Available data:

- - - - -

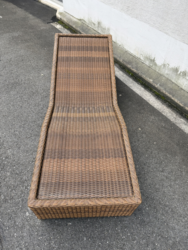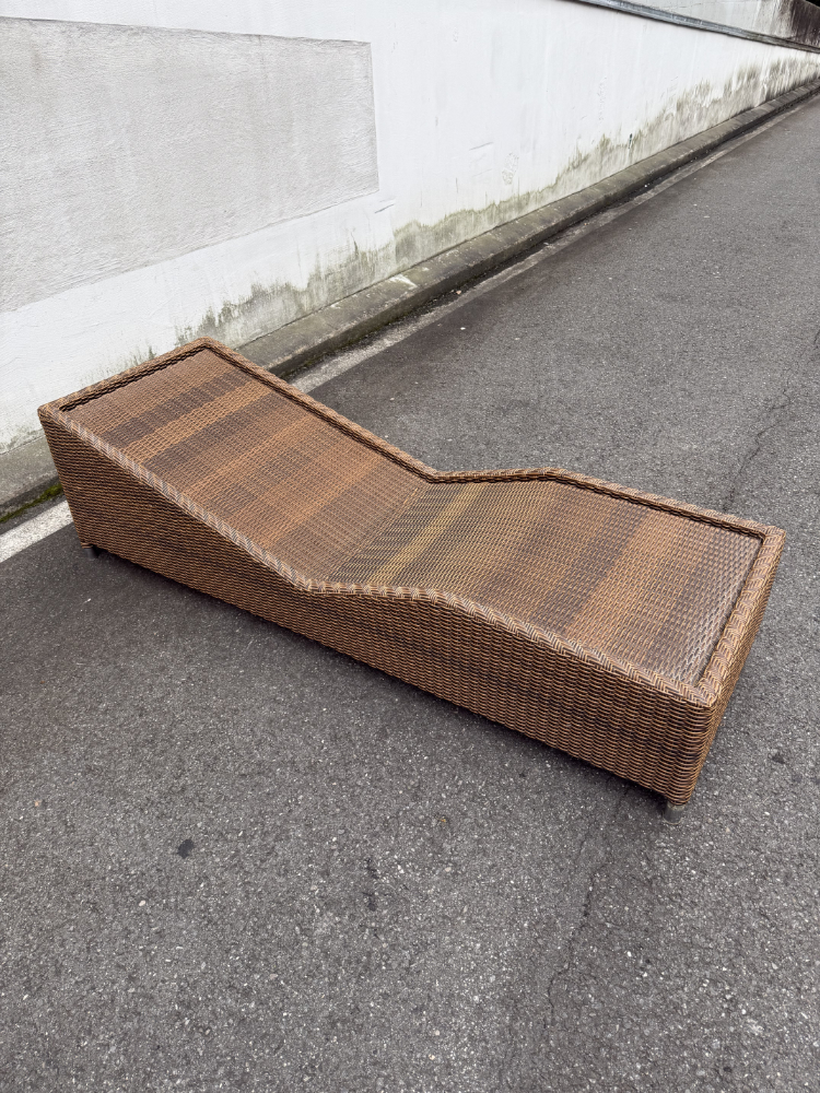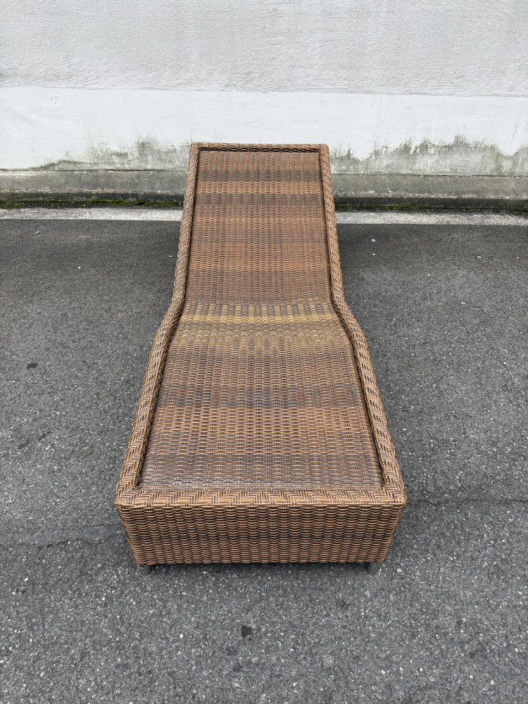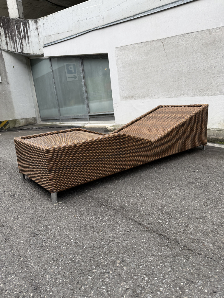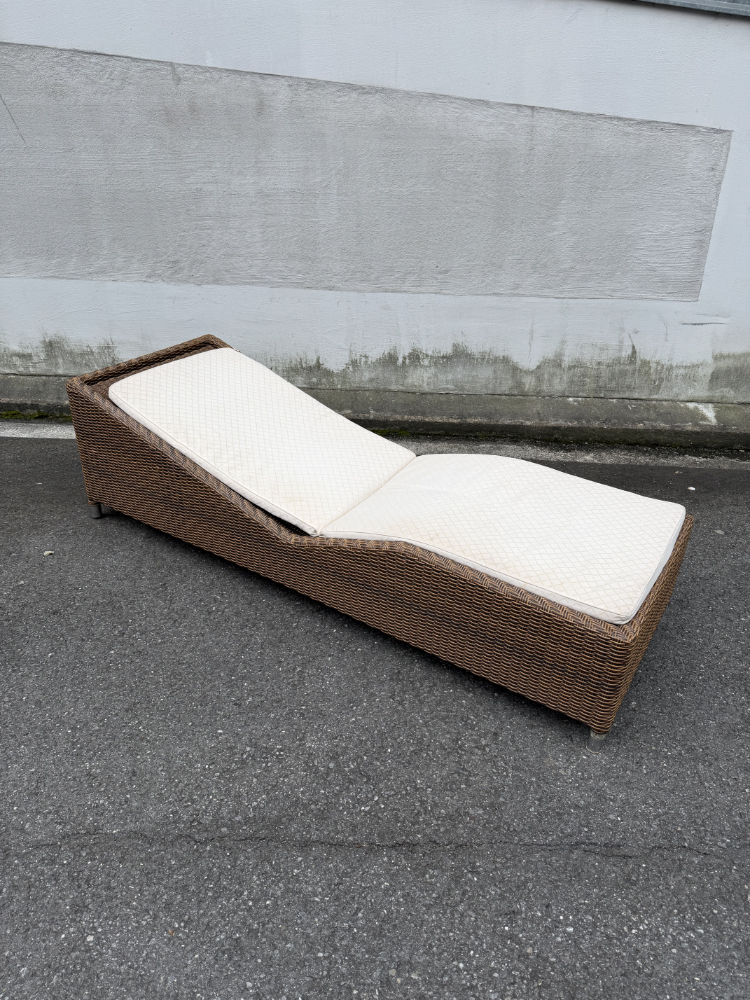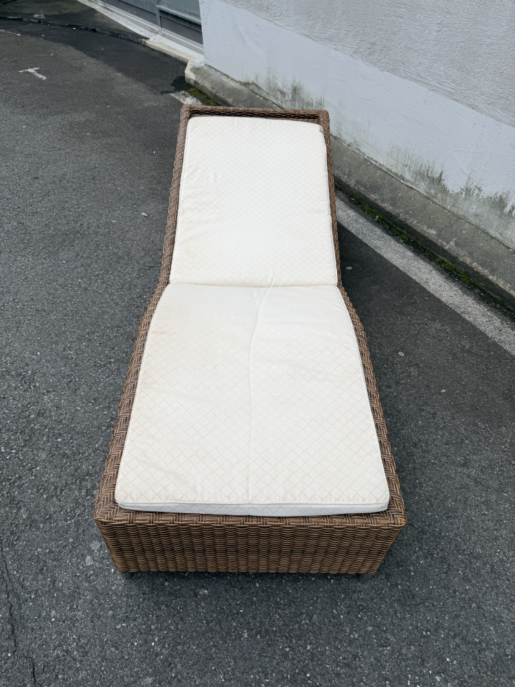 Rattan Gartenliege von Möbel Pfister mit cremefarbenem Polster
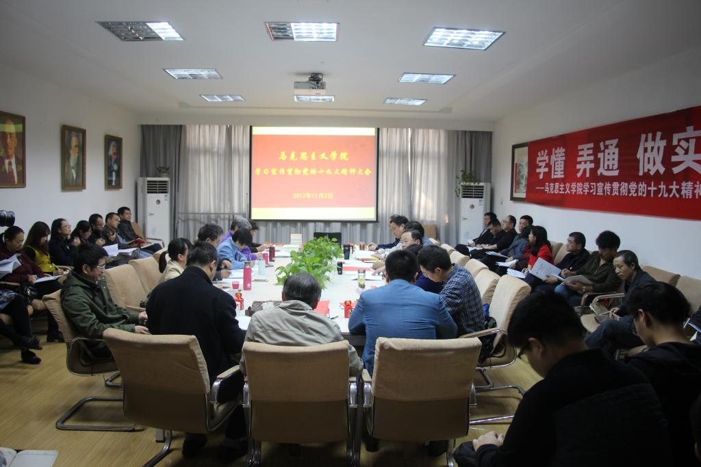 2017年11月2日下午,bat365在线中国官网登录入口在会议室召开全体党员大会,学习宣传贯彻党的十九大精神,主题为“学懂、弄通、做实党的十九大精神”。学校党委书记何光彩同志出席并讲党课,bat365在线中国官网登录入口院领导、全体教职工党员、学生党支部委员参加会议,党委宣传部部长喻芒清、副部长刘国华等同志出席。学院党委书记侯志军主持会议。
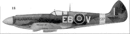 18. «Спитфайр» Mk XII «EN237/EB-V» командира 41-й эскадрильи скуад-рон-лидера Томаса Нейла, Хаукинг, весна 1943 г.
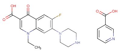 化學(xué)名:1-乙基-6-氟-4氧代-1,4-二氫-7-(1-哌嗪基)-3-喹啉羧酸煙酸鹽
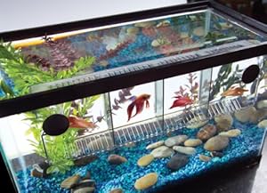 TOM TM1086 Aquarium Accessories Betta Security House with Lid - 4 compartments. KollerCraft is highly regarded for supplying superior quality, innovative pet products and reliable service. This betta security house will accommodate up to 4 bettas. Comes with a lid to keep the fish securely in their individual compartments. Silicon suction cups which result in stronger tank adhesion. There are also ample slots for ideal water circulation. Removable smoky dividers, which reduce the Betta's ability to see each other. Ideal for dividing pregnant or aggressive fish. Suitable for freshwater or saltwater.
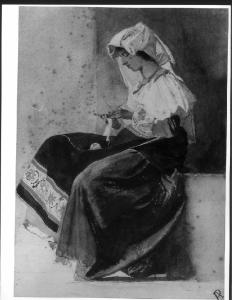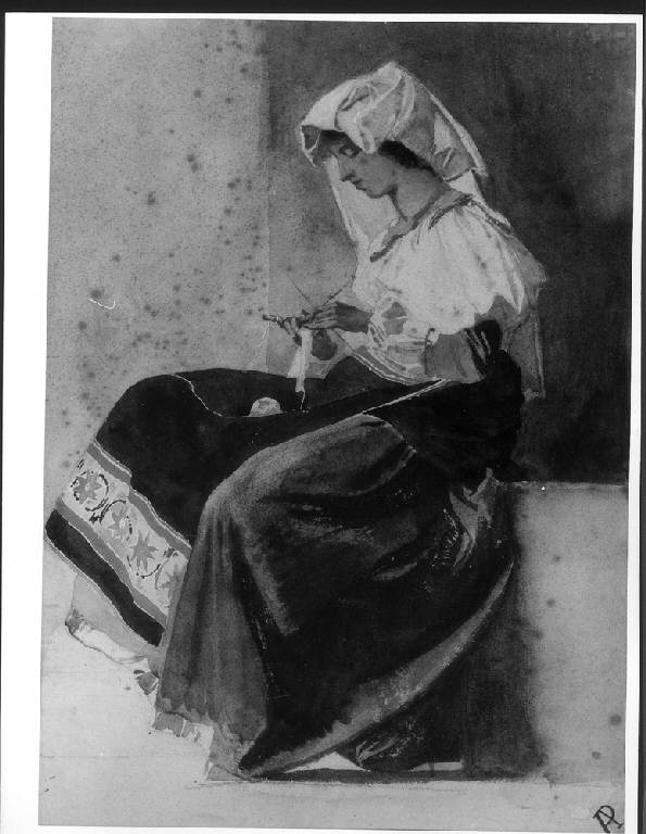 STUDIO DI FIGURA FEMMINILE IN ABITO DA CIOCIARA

- - - - -

Problem requirements: Stop after the line containing "化學(xué)名:1-乙基-6-氟-4氧": copy the records exactly from the first line up to there, leaving pictures out.

Task solution:
 Rattan Gartenliege von Möbel Pfister mit cremefarbenem Polster
 2017年11月2日下午,bat365在线中国官网登录入口在会议室召开全体党员大会,学习宣传贯彻党的十九大精神,主题为“学懂、弄通、做实党的十九大精神”。学校党委书记何光彩同志出席并讲党课,bat365在线中国官网登录入口院领导、全体教职工党员、学生党支部委员参加会议,党委宣传部部长喻芒清、副部长刘国华等同志出席。学院党委书记侯志军主持会议。
 18. «Спитфайр» Mk XII «EN237/EB-V» командира 41-й эскадрильи скуад-рон-лидера Томаса Нейла, Хаукинг, весна 1943 г.
 化學(xué)名:1-乙基-6-氟-4氧代-1,4-二氫-7-(1-哌嗪基)-3-喹啉羧酸煙酸鹽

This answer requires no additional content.